This seminar was the 16th in a series of loosely related Dagstuhl Seminars on data structures. It brought together a diverse group of researchers with complementary expertise and varying levels of seniority, to illuminate different aspects of data structure scalability and adaptivity. We also aimed to include researchers who are experts in adjacent, applied areas (data structures in computational geometry, data structures for strings, etc.), to inspire and inform each other and to identify relevant research directions.

The organizers of the seminar put a strong emphasis on discussion and collaboration. Participants were asked to give short (10-15 minutes) or medium (20-25 minutes) talks. Most participants spoke, and the format allowed everyone who wished to speak to do so. We explicitly encouraged forward-thinking talks that include open problems, interesting new directions or challenges, focusing on informal, open-ended discussion, rather than polished presentations of past work. In the program we made a deliberate effort to leave space for loosely structured discussion and collaboration, reserving most of the afternoons for this purpose, and having brief status-report sessions where we all met to discuss what people had been discussing.

Topics

The presentations and discussions covered a broad range of topics in classical data structures and diverse applications, as well as new directions inspired by various aspects of scalability and adaptivity.

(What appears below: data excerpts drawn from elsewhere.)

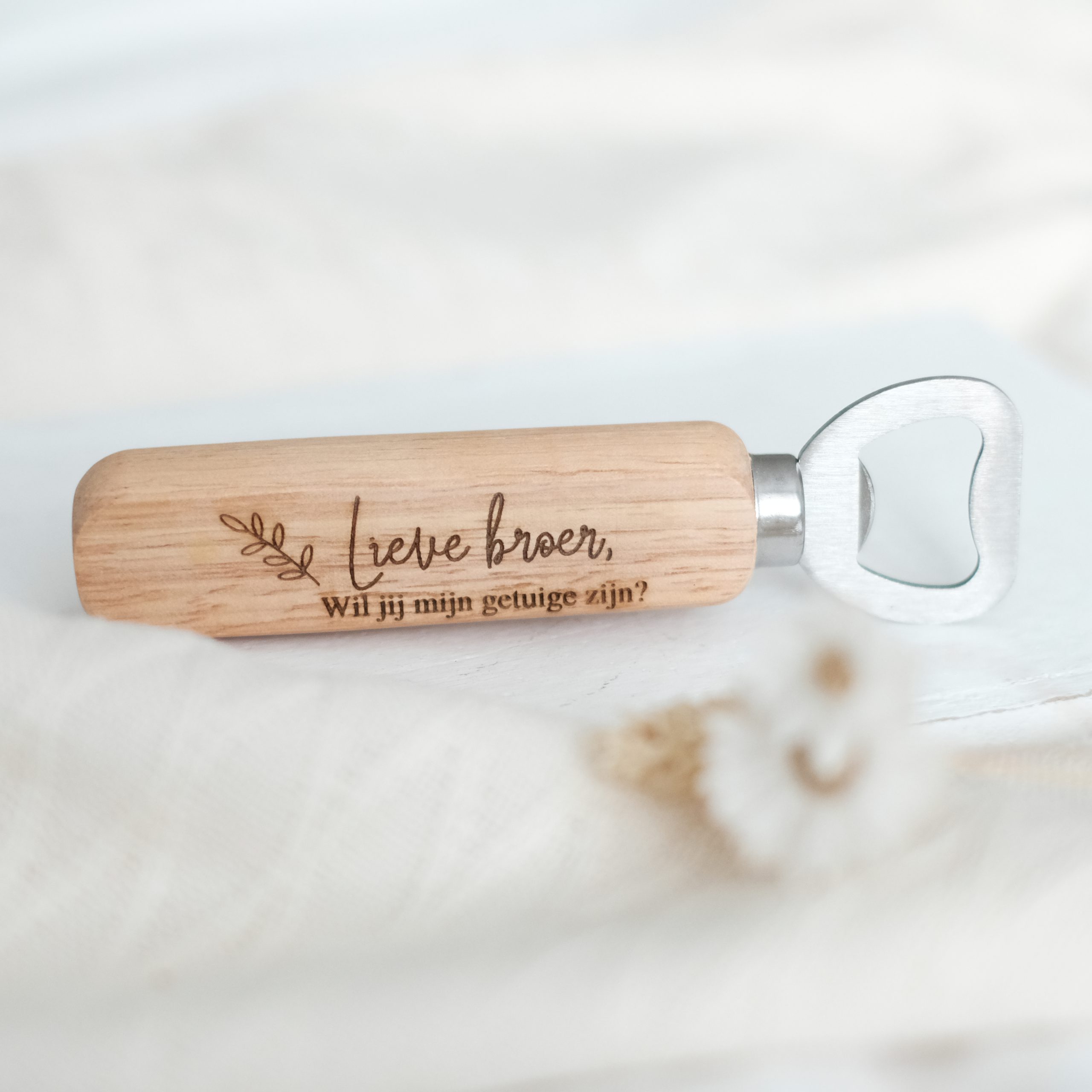 Deze flesopener heeft een houten handvat en een roestvrijstalen opener waardoor hij er luxe uitziet. Je kunt hem laten graveren naar wens. Jij bedenkt de tekst en wij zorgen ervoor dat deze mooi op de opener gegraveerd zal worden. De tekst op de productfoto geeft weer hoe het eindresultaat eruit zal komen te zien. Dit is een perfect artikel voor wanneer je op zoek bent naar een klein cadeautje. Leuk om bijvoorbeeld je getuige te vragen of je ceremoniemeester te bedanken. Flesopeners worden ook vaak cadeau gegeven als relatie geschenk, verjaardagscadeau, voor Vaderdag of tijdens de feestdagen.
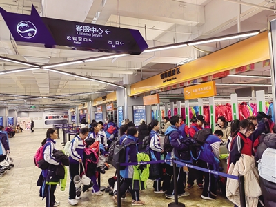 进入雪场大厅,迎面是滑雪场总服务台和滑雪学校服务区,游客可往左侧一排收银窗口咨询购票。购买雪票领取滑雪卡后,依次到雪鞋租赁区、雪服租赁区和雪板租赁区领取并穿戴好装备,便可刷卡进入滑雪区域。对于线上购票的游客,雪场还提供自助取(退)票服务。
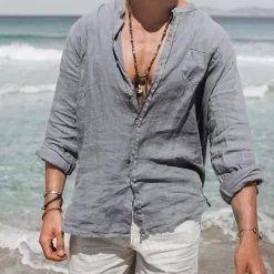 Men’s Grey Cotton Linen Loose Shirt
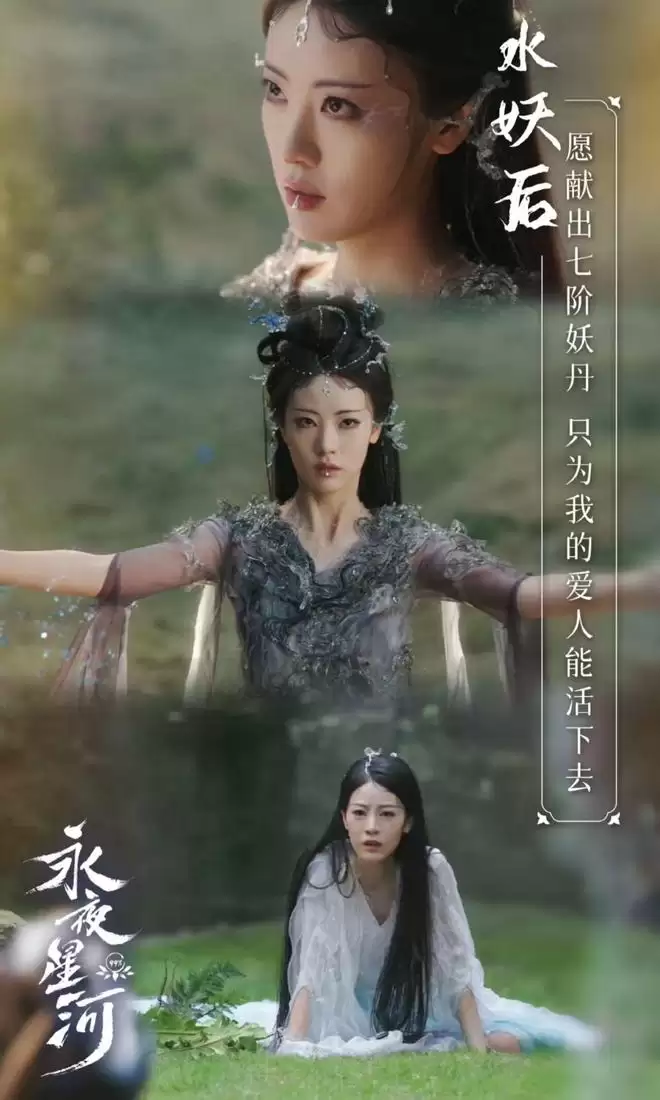 水妖后与丈夫水妖王本是山中无忧无虑的妖,因人类捉妖而被迫黑化。为了救丈夫,水妖后甘愿献出内丹,展现了凄美破碎感与为爱牺牲的深情。
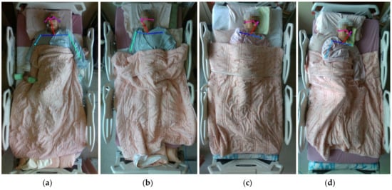 - Grimm, T.; Martinez, M.; Benz, A.; Stiefelhagen, R. Sleep position classification from a depth camera using Bed Aligned Maps. In Proceedings of the 2016 23rd International Conference on Pattern Recognition (ICPR), Cancun, Mexico, 4–8 December 2016; pp. 319–324. [Google Scholar] [CrossRef]
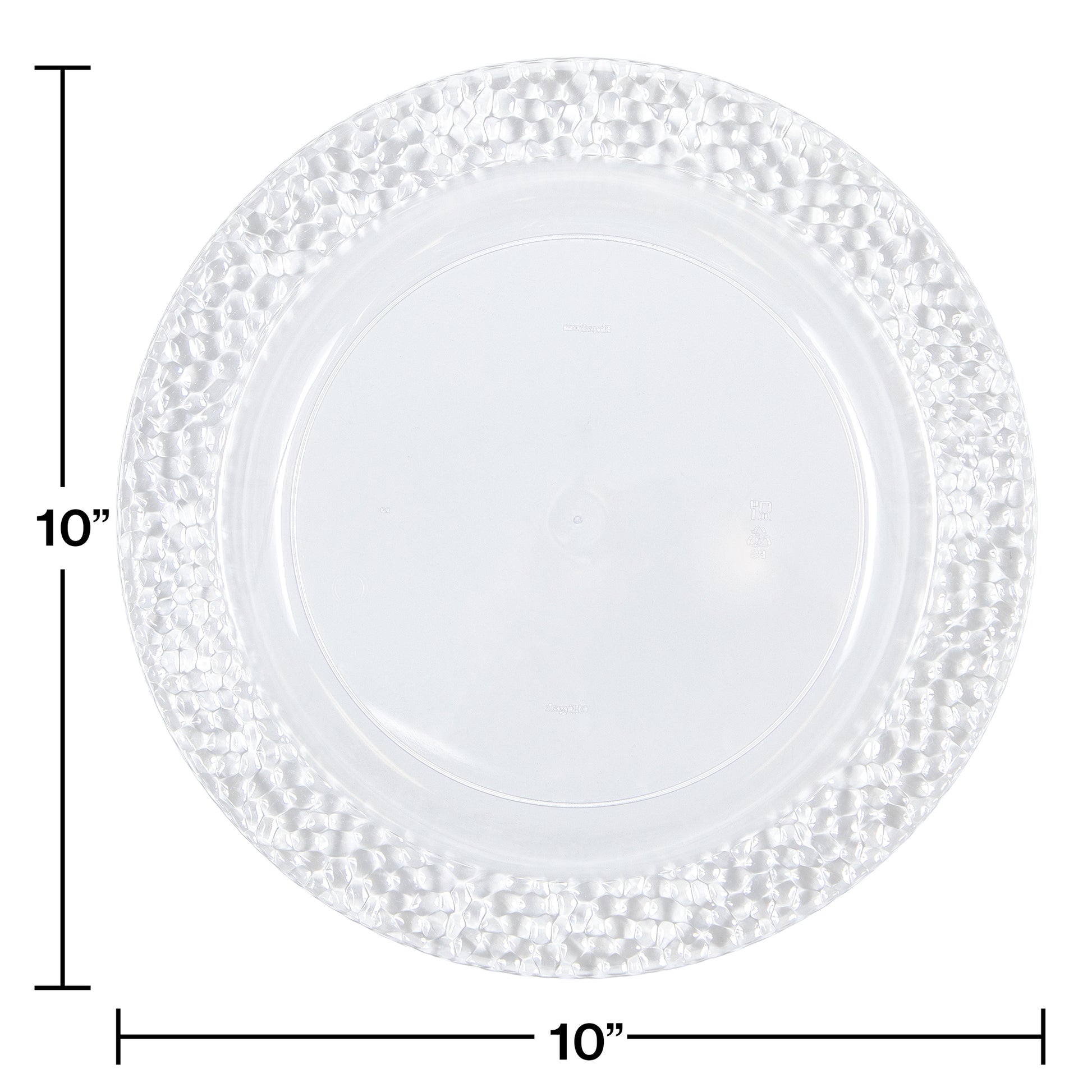 Create a modern flair when you entertain with the Clear Pebble Plastic Plates. These sturdy plastic plates measure 10" and feature a pebbled texture and a clear theme. Sold in packs of 120, these disposable plastic plates coordinate with all Clear Pebble party supplies. With wholesale pricing and bulk quantities, our Clear Pebble Plastic Banquet Plates 120 ct are perfect for event planners, caterers, and home hostesses alike.
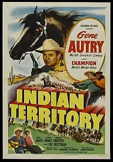 Indian Territory is a 1950 American Western film directed by John English and written by Norman S. Hall. The film stars Gene Autry, Gail Davis, Kirby Grant, James Griffith, Philip Van Zandt and G. Pat Collins. The film was released on September 30, 1950, by Columbia Pictures.[1][2][3]
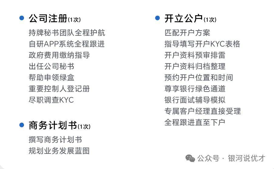 提供公司注册、开立公司账户、商务计划书撰写等服务。
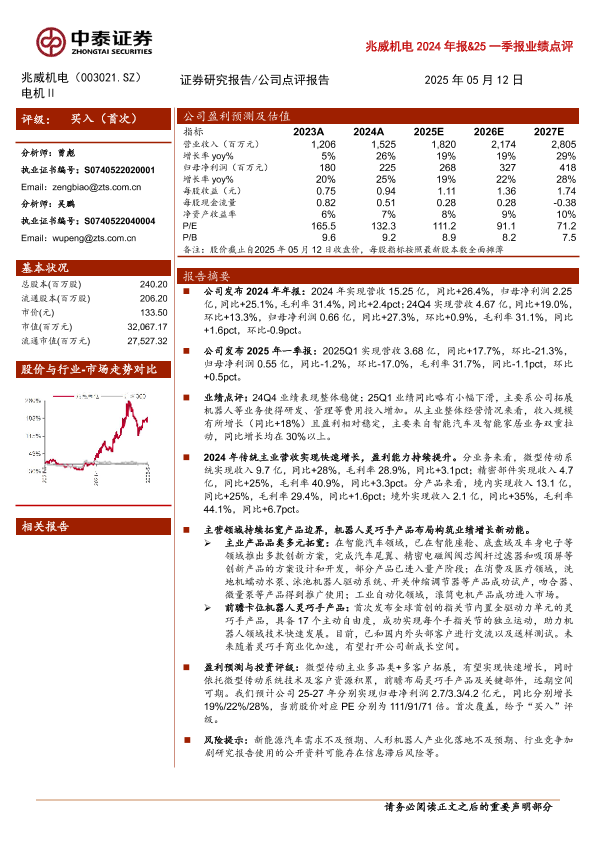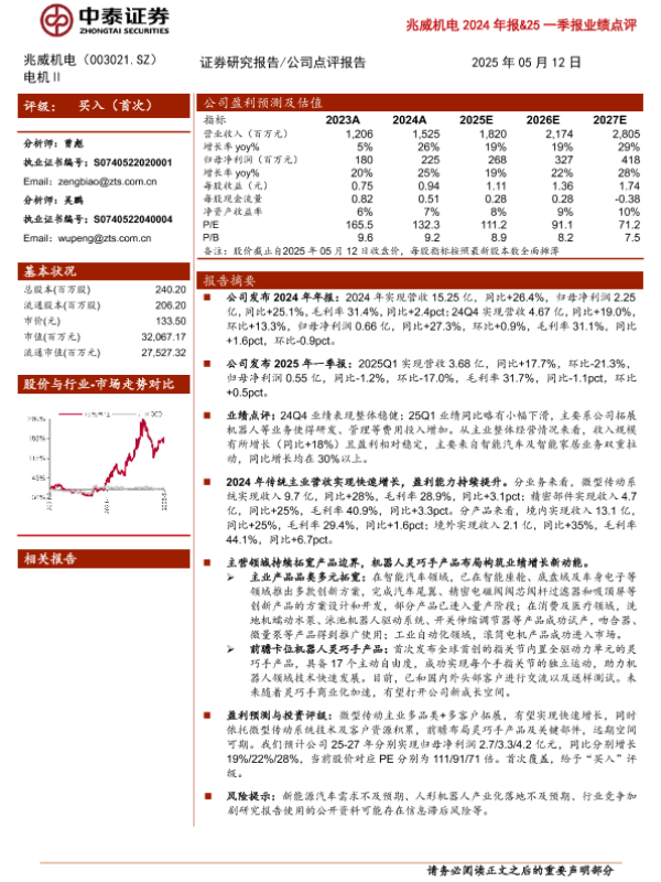 【中泰证券】【20250512】兆威机电2024年报&25一季报业绩点评-11页
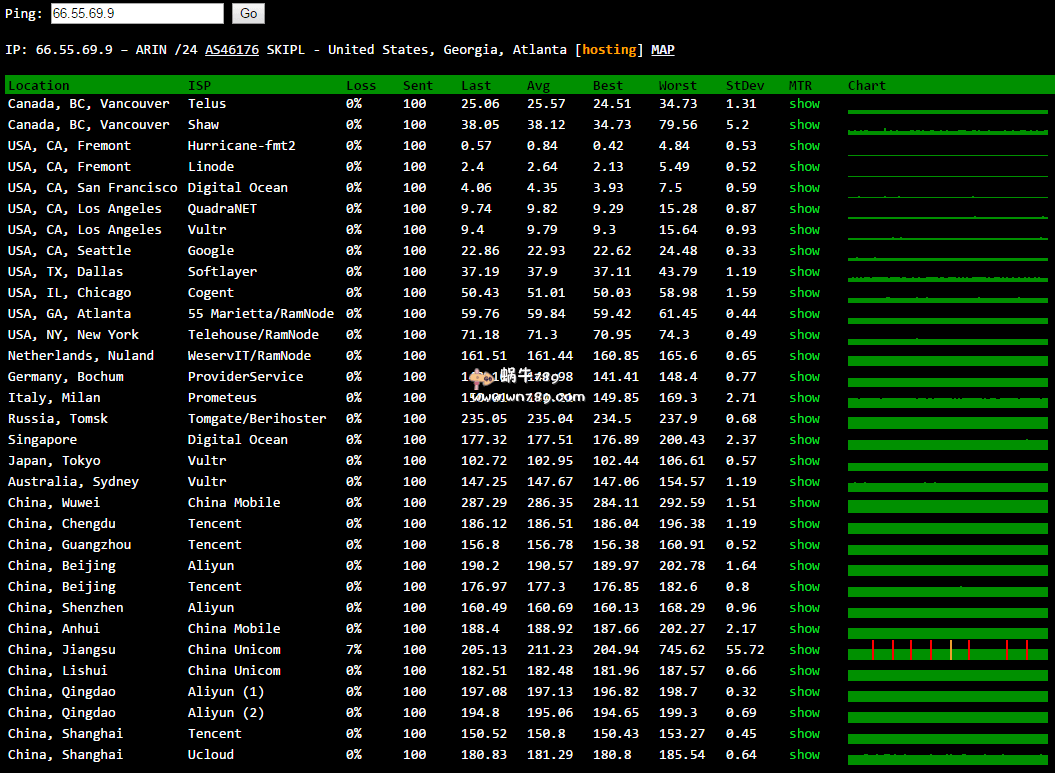 1、全球ping测试结果。从ping测试结果来看到中国电信、联通线路速度不错,移动延迟稍微高点。
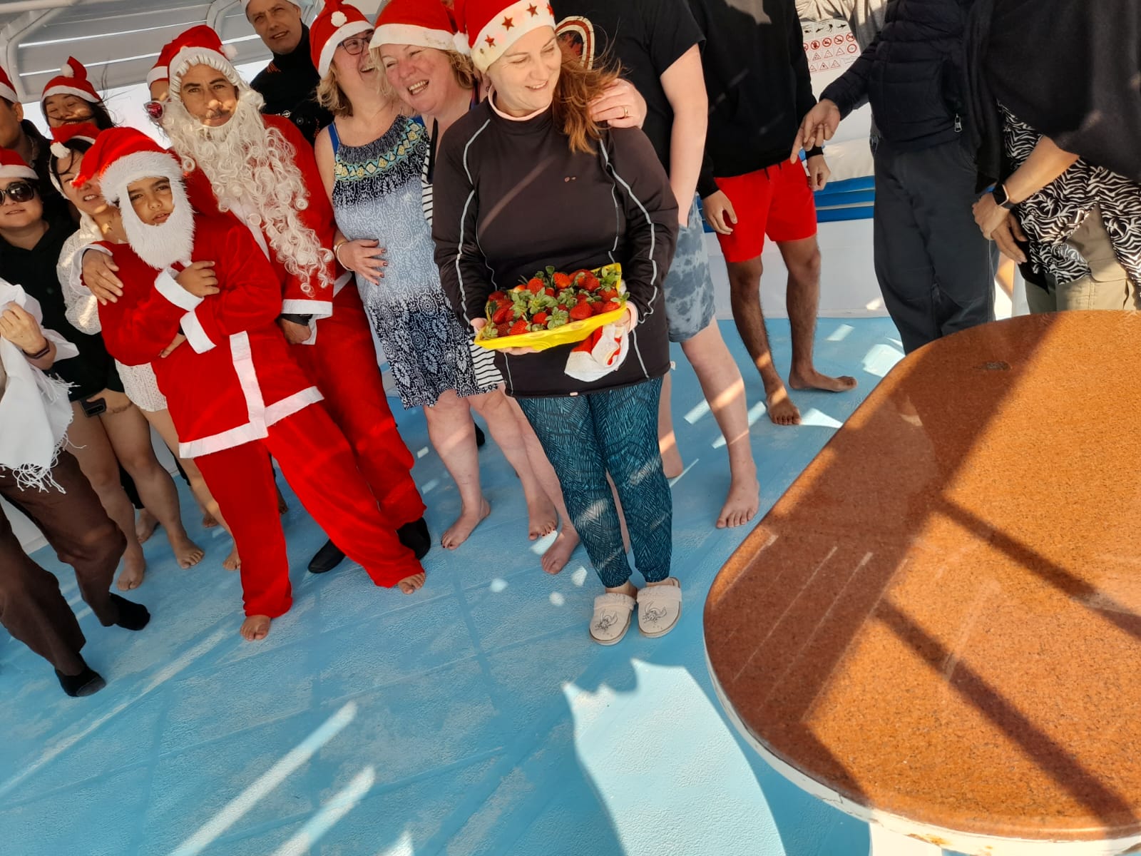 وكشف منظم رحلات بحرية بالغردقة في تصريحات لـ القاهرة 24، بأن عددًا من السائحين الأجانب من جنسيات مختلفة ارتدوا زي بابا نويل الشهير وزنية الكريسماس تزامنًا مع احتفالات الكريسماس، وتبادلوا التهاني وعبروا عن أمنياتهم في الكريسماس والتقطوا الصور التذكارية مع أطباق الفراولة الحمراء وهي فاكهة مفضلة لدى الأجانب في احتفالات الكريسماس.

Models of computation were an important theme of the seminar. Afshani (Section 4.10) discussed possible separations concerning I/O operations and total work, Bille (Section 4.1) discussed data structures in the ultra-wide word RAM model, and Meyer (Section 4.2) talked about unstructured parallel I/O on SSDs in the context of graph algorithms.

Parallelism and distributed computing were also the focus of further talks: King (Section 4.4) presented work on a problem in distributed setting with many Byzantine participants, and Chechik (Section 5.8) discussed the maximum independent set problem in the congested clique model.

Several talks focused on questions (old and new) on graph algorithms: Wein (Section 4.8) talked about a new concept of a “DAG cover” extending classical notions of tree covers, Liu (Section 4.9) discussed a batch version of the dynamic connectivity problem, van der Hoog (Section 5.2) raised a question about greedy chain decomposition on DAGs, Bilò (Section 4.15) revisited the problem of single-source shortest p-disjoint paths, Gudmundsson (Section 4.16) talked about approximate distance oracles for a special class of sparse graphs, and Fineman (Section 4.17) talked about open questions about incremental topological sorting.

Relating to online problems, Agrawal (Section 5.6) discussed results and open questions concerning a scheduling problem with DAG constraints, and Munro (Section 4.11) talked about a (paired) variant of the paging problem.

On compression and compact data structures, Navarro talked about dynamic bitvectors (Section 4.5) and on a graph problem related to grammar-based compression (Section 5.9), and Gawrychowski (Section 5.4) discussed open problems related to Lempel-Ziv compression.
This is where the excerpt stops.